Вот и сейчас его жжет ненаписанное письмо, над головой, вся набухшая до «вот-вот», висит новая капля, но сказать ему «сынок», «сынка» некому. «Наверно, скоро революция», – думает он. Мама говорила: «Революция, сына, случается от очень плохой жизни. Если нет хлеба, нет крыши, если дети мрут…» Он уже тогда подумал, что в их семье частично есть это все. Со жратвой не очень. Крыша протекает, сестра померла. Сейчас в подземелье было еще хуже.
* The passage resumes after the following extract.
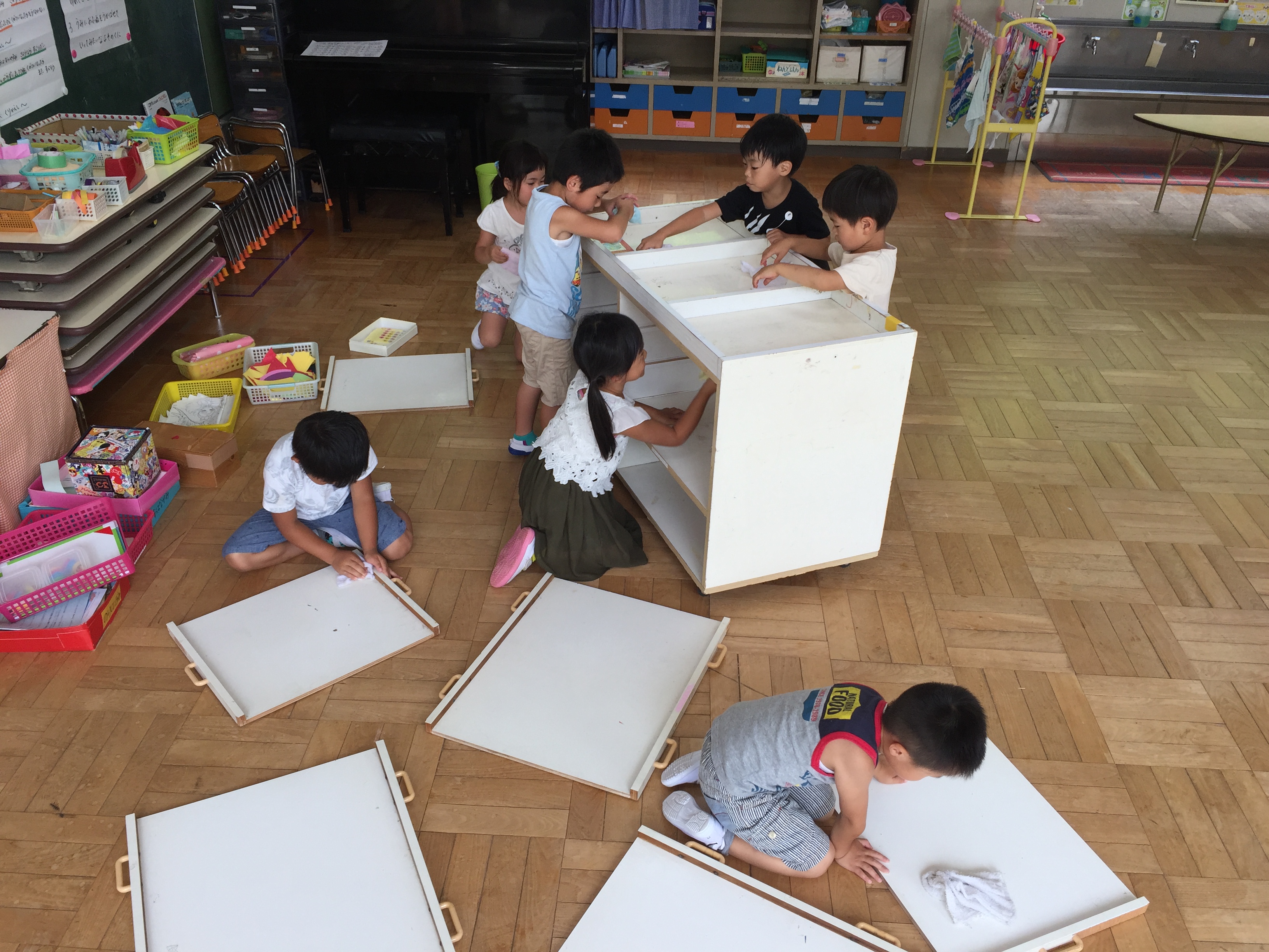 長い休みに入る前に、保育室のお掃除をしました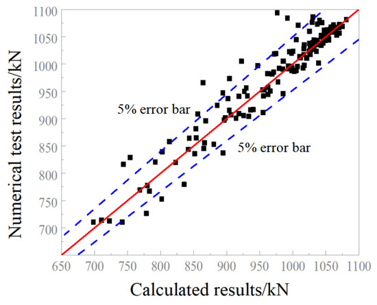 Figure 20 presents a comparison between the calculated results derived from the proposed formula (Equation (5)) and the numerical test results, including a 95% confidence interval. The Figure reveals that 93.2% of the data points fall within this confidence interval, signifying that the formula is highly reliable in capturing the trend of the numerical test results. The calculated values closely align with the finite element simulation results, with a ratio ranging from 0.89 to 1.07.

«Дед-пердед! – мысленно писал он. – Уже пришла революция, а значит, я скоро приеду. И дам тебе сначала по яйцам, потом по глазам, а потом в твое говенное сердце».
Капля упала прямо на лицо. Он, как часто бывает, не уследил ее, заразу. Капля была ловчее. Хотелось плакать, достать обрез и стрелять во все стороны, но он же не дед! Хотя именно его он убьет обязательно за всех про всех. Почему-то ему виделся длинный поезд с людьми за решетками. Дед сидел на вагонной крыше и пил из горла. Веселый такой, молодой…
Ему это не привиделось. У деда была такая фотка, дед хвалился ею и хранил на груди.
От холода в голове путалось и думалось черт-те о чем. Например, о времени. Оно делилось, как его учили, на «до революции» и после, на «до войны» и после нее. Еще оно делилось на времена года. Осенью умерла бабушка, зимой сестра, весной ушел отец, Розку ранили летом. Мать тоже умерла летом, но другим, не Розкиным. Он ушел от деда осенью, сейчас весна и капли стали такими тяжелыми, как пули. Весной у него день рождения.
Дед-пердед! Ты должен знать, когда я родился. Я забыл. Ты мне это скажешь перед тем, как я тебя грохну.
Но пока его самого грохнула сволочь-капля. Набрякла силой и ударила прямо в лоб. Как пуля.
И ему показалось, что он умер.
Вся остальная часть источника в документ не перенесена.